> [Raw data]
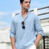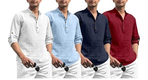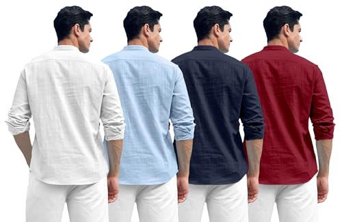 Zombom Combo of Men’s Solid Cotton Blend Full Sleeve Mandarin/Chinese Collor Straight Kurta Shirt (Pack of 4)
* * *
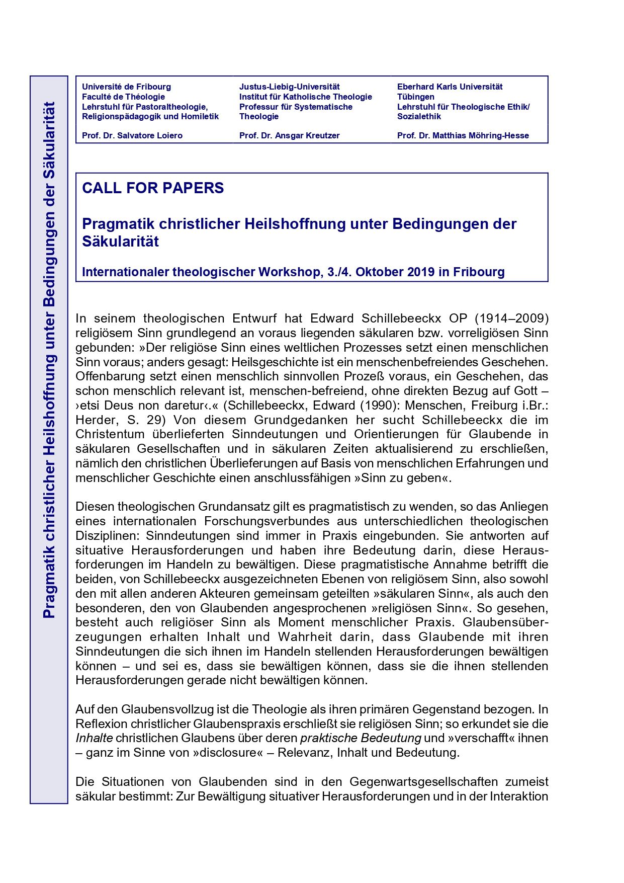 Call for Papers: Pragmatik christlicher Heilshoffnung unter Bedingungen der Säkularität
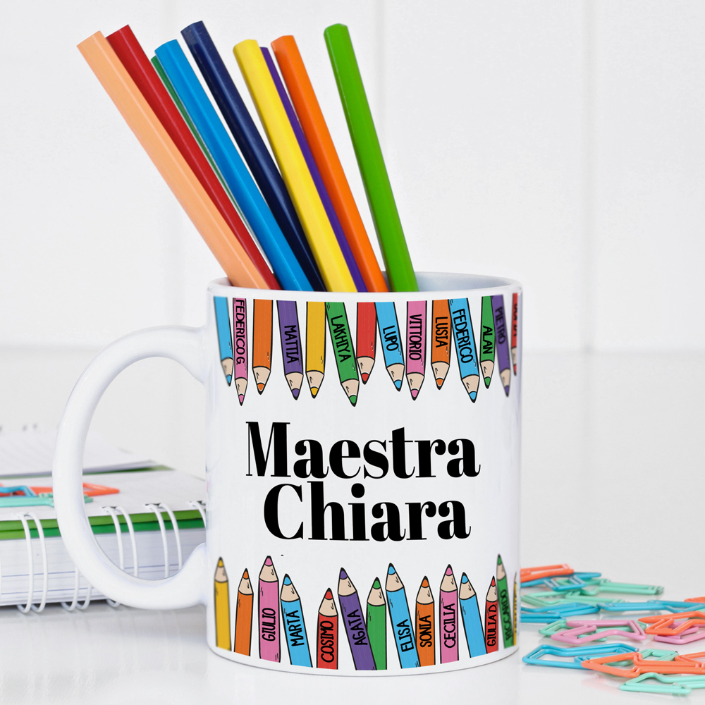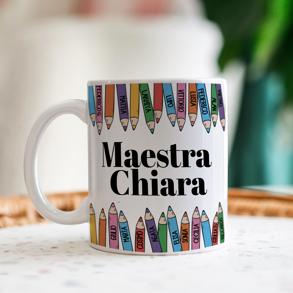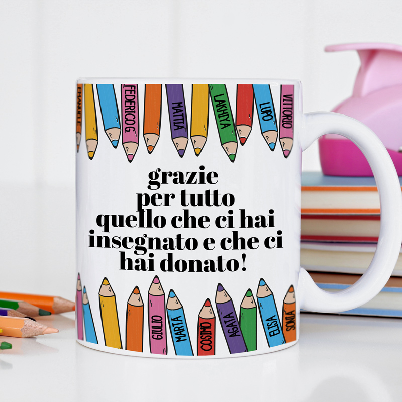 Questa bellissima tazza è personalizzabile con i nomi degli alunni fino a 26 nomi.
--
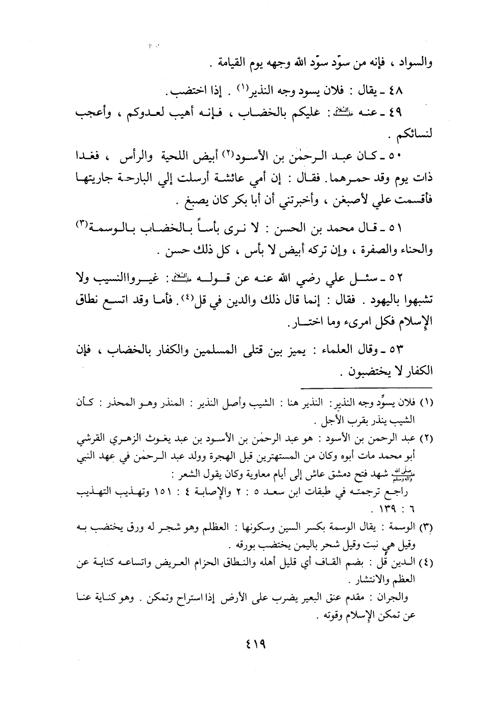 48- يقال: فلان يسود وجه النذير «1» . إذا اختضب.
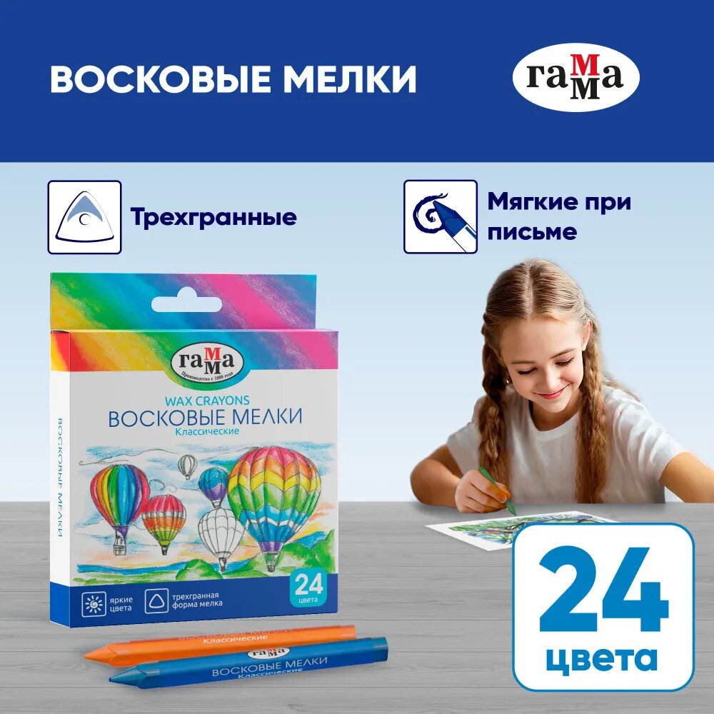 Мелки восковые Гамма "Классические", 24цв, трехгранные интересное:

> [About this exercise] Out of the records above, please copy exactly the lines from the line with "Call for Papers: Pragmatik" up to and including the line with "Questa bellissima tazza", minus the pictures.

> [Solution to this exercise]
 Call for Papers: Pragmatik christlicher Heilshoffnung unter Bedingungen der Säkularität
 Questa bellissima tazza è personalizzabile con i nomi degli alunni fino a 26 nomi.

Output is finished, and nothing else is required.